Но однажды он не удержался и отпустил ядовитое замечание, сдобренное лакейской ухмылкой…

И враз исчезло всякое напряжение и неловкость – наконец они оба смогли говорить на действительно интересующие их темы: о том, что в Известном оркестре платят до смешного мало, что В. отгрохал себе шикарную дачу – хотя он всего-навсего «вонючий тромбонишка», а Л. выгодно женился на дочери мясного короля…

***

Когда в отношениях с Ледой были расставлены все точки над «i», мы снова сблизились с сестрой. Она, казалось, забыла все наши разногласия и стала воспринимать меня как «понимающего» и, главное, морально устойчивого и надежного товарища.

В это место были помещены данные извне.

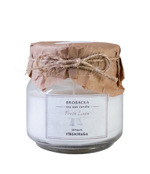 Fyll ditt hem med en känsla av nytvättade lakan med detta vackert designade Brobacka doftljus. Den rena och lätta doften av nytvättad linne ger en lugn och inbjudande atmosfär, perfekt för vardagsrummet, sovrummet eller badrummet. Det lilla formatet gör det enkelt att placera ljuset var som helst och skapa en avslappnande miljö, oavsett rum.
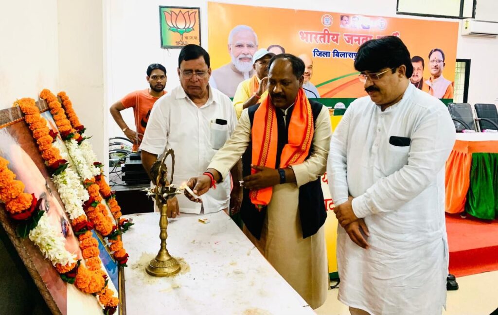 बिलासपुर। सदस्यता अभियान को लेकर भारतीय जनता पार्टी बिलासपुर संभाग के बिलासपुर, रायगढ़, कोरबा, जांजगीर, सक्ति, मुंगेली, जीपीएम के जिला सदस्यता संयोजक, मंडल सदस्यता प्रभारी एवं मंडल सदस्यता संयोजकों की बैठक भाजपा कार्यालय बिलासपुर में सम्पन्न हुई। बैठक की शुरूवात भारत माता, पं.दीनदयाल उपाध्याय, डॉ.श्यामा प्रसाद मुखर्जी के छायाचित्र पर माल्यार्पण एवं दीपप्रज्वलित कर की गई।
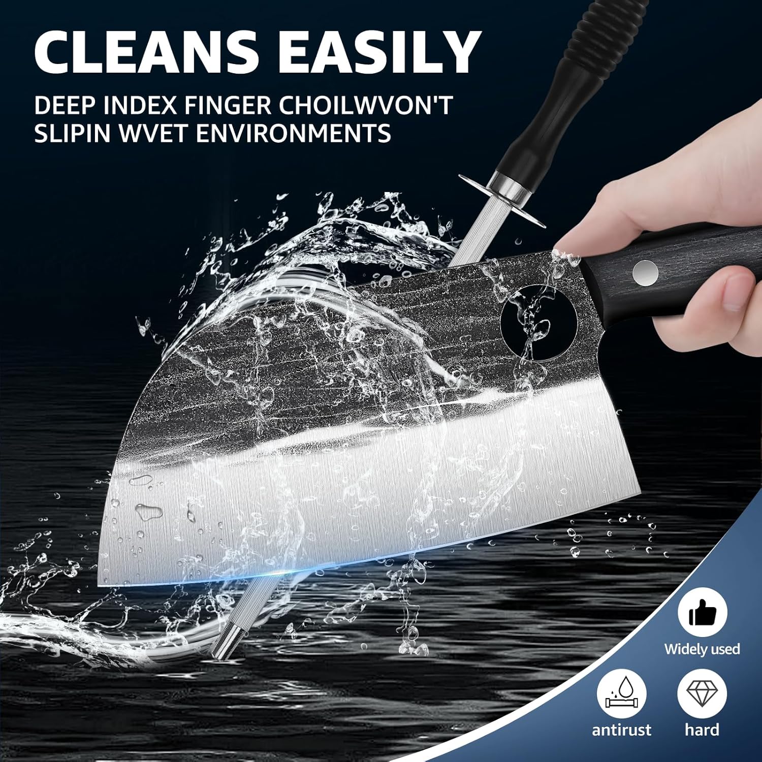 - 【High Carbon Steel knife set】: The Butcher Knife Set for kitchen is made from premium high-carbon steel. Crafted by skilled artisans with rich forging experience and utilizing modern CNC technology, every detail of high-temperature forging and quenching is meticulously controlled, this ensures that each knife in our set achieves a Rockwell hardness of 59. This forged blade knife set will be your most reliable companion in the kitchen.
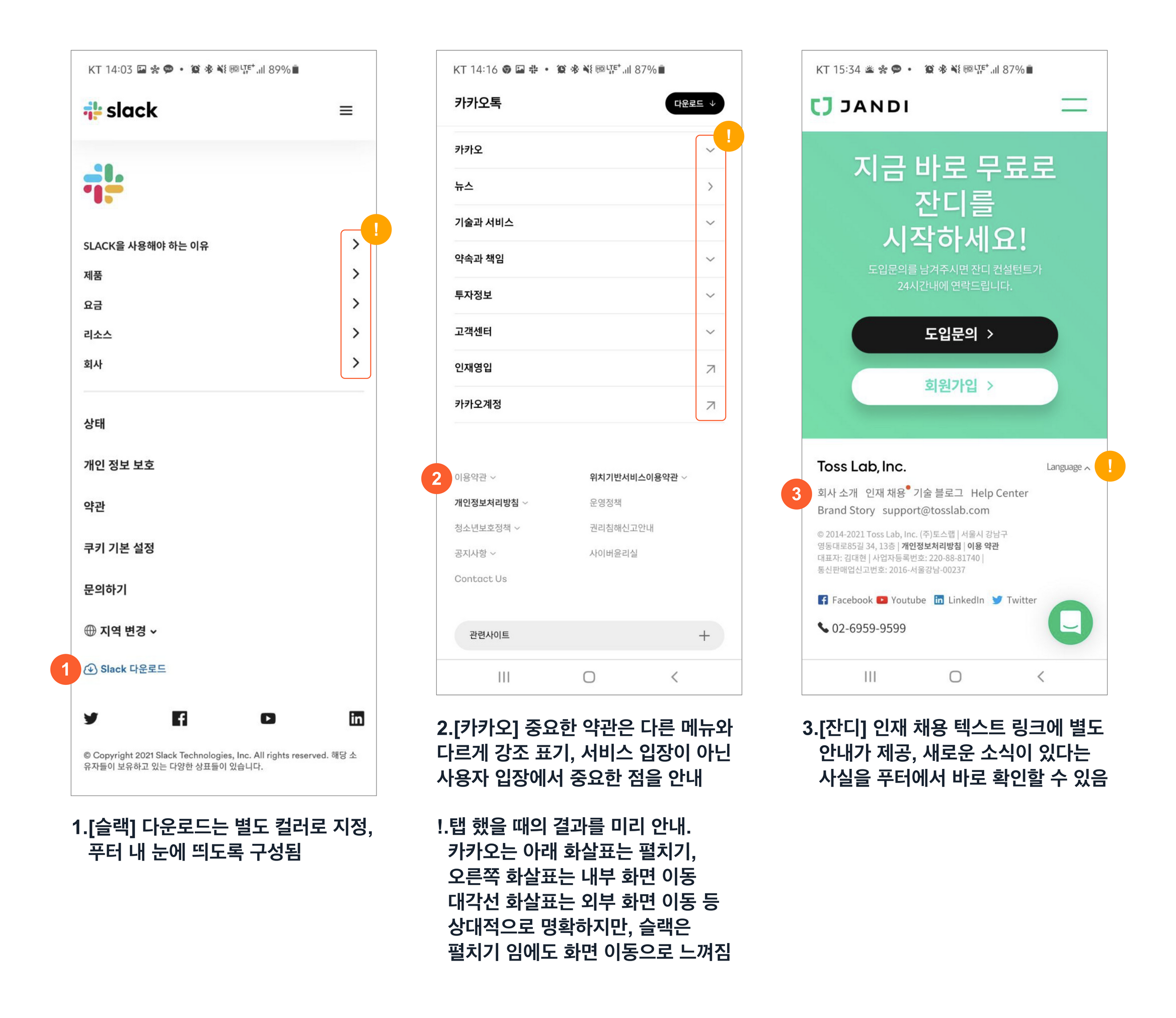 ์์ธํ ๋ณด๋ฉด ํธํฐ ๋ด ์๋น์ค ์๊ฐ ๋ด์ฉ๊ณผ ์ฌ์ฉ์ ๊ด๋ จ ๋ด์ฉ ๊ฐ ํฐํธ ์ฌ์ด์ฆ๊ฐ ๋ค๋ฅด๊ฒ ์ ์ฉ๋ ๊ฒ์ ์ ์ ์๋๋ฐ์. ์๊ฐ ๋ด์ฉ์ ์์ ๋ดค์ ๊ฐ๋ฅ์ฑ์ด ๋๊ณ , ์ฌ์ฉ์์ ๊ด๋ จ๋ ์ ์ฑ ๋ฑ์ ์๋์ ์ผ๋ก ๊ธฐ๋ฅ ์๊ฐ ๋ฑ์ ๊ฐ๋ ค์ก์ ๊ฐ๋ฅ์ฑ์ด ๋๊ธฐ์ ๋ ๊ฐ์กฐํ ๊ฒ์ผ๋ก ๋ณด์ฌ์. (1) ์ฌ๋์ ๋ค์ํ ํ๋ซํผ์์ ์ฌ์ฉ์ด ๊ฐ๋ฅํ๊ธฐ์ ๋ค์ด๋ก๋ ๋งํฌ๋ ๋ณ๋ ์ปฌ๋ฌ๋ก ๋ฐ์, ๋์ ๋๊ฒ ๋ฐฐ์นํ ๋ชจ์ต์ ๋๋ค.
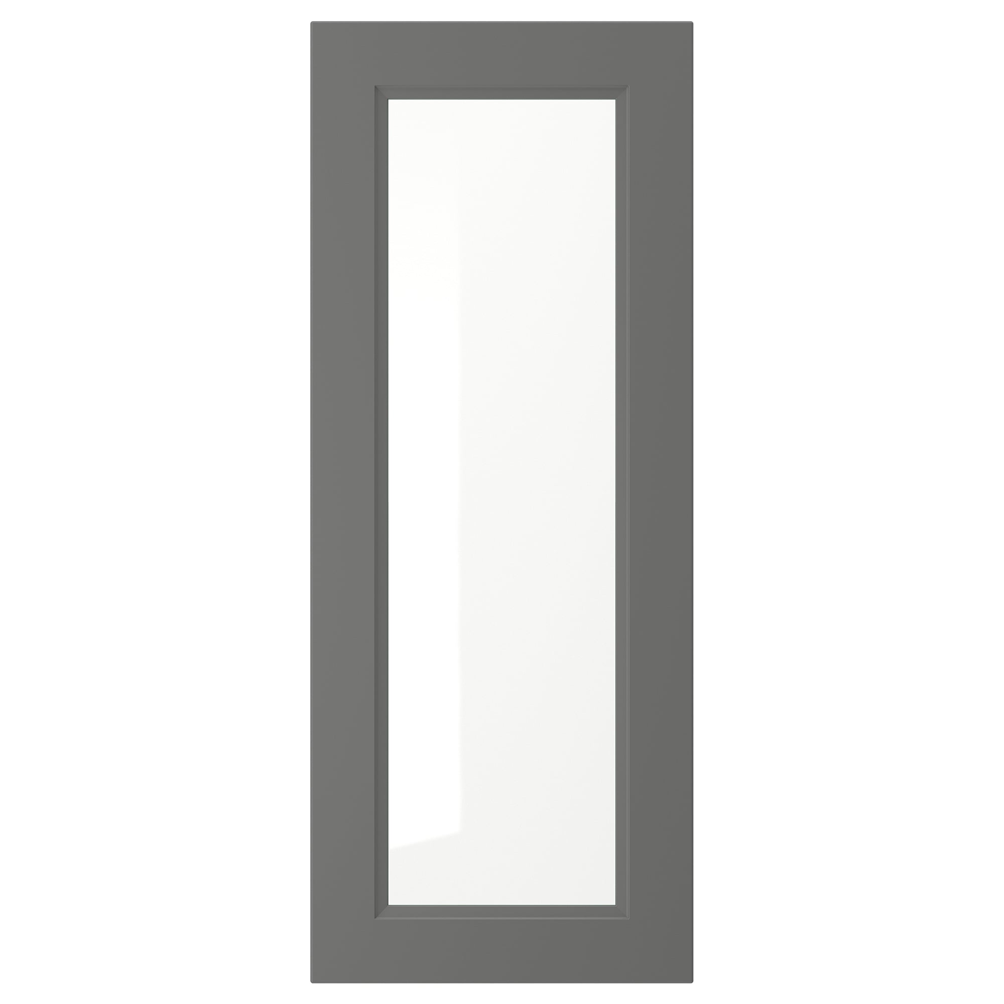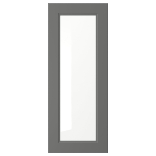 Стеклянные двери AXSTAD имеют матовую темно-серую поверхность с мягкими линиями и вставленной стеклянной панелью. Это позволяет использовать их для создания современной и традиционной кухни.
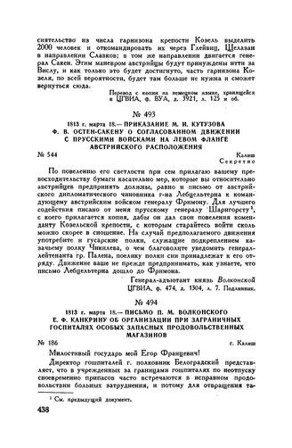 Главная Русские полководцы Кутузов М.И. Кутузов Т5 Документы 1813 г. марта 18. — Письмо П.М. Волконского Е.Ф. Канкрину об органи...

Слегка смущала, правда, возлагавшаяся на меня ответственность, но в общем я была не против нашего сближения. По крайней мере, это помогало заполнять бесконечно длинный отрезок времени между расставанием с Никой и сном.

Теперь, приползая вечером домой, она тянула меня на кухню и с упоением начинала рассказывать о своей работе в офисе. Ее возбужденная речь проносится мимо моих ушей, почти не задевая сознания, и все-таки какое-то непонятно тяжелое чувство сжимает мне сердце. Видя взволнованное, оживленное лицо сестры, блеск в ее бесконечно уставших глазах, я вспоминаю те далекие времена, когда мы сидели по вечерам в темной комнате (специально не включая свет, чтобы не исчезло ощущение таинственности и доверия) и мечтали о будущем. И плакали, горько, навзрыд, безутешно, по-детски обнявшись, читая «Шум и ярость». И не разговаривали еще два дня, боясь увидеть болезненное, противопоказанное «нормальному» мироощущению чувство в глазах друг друга. А потом, не удержавшись, говорили много, шумно, взволнованно, и опять плакали…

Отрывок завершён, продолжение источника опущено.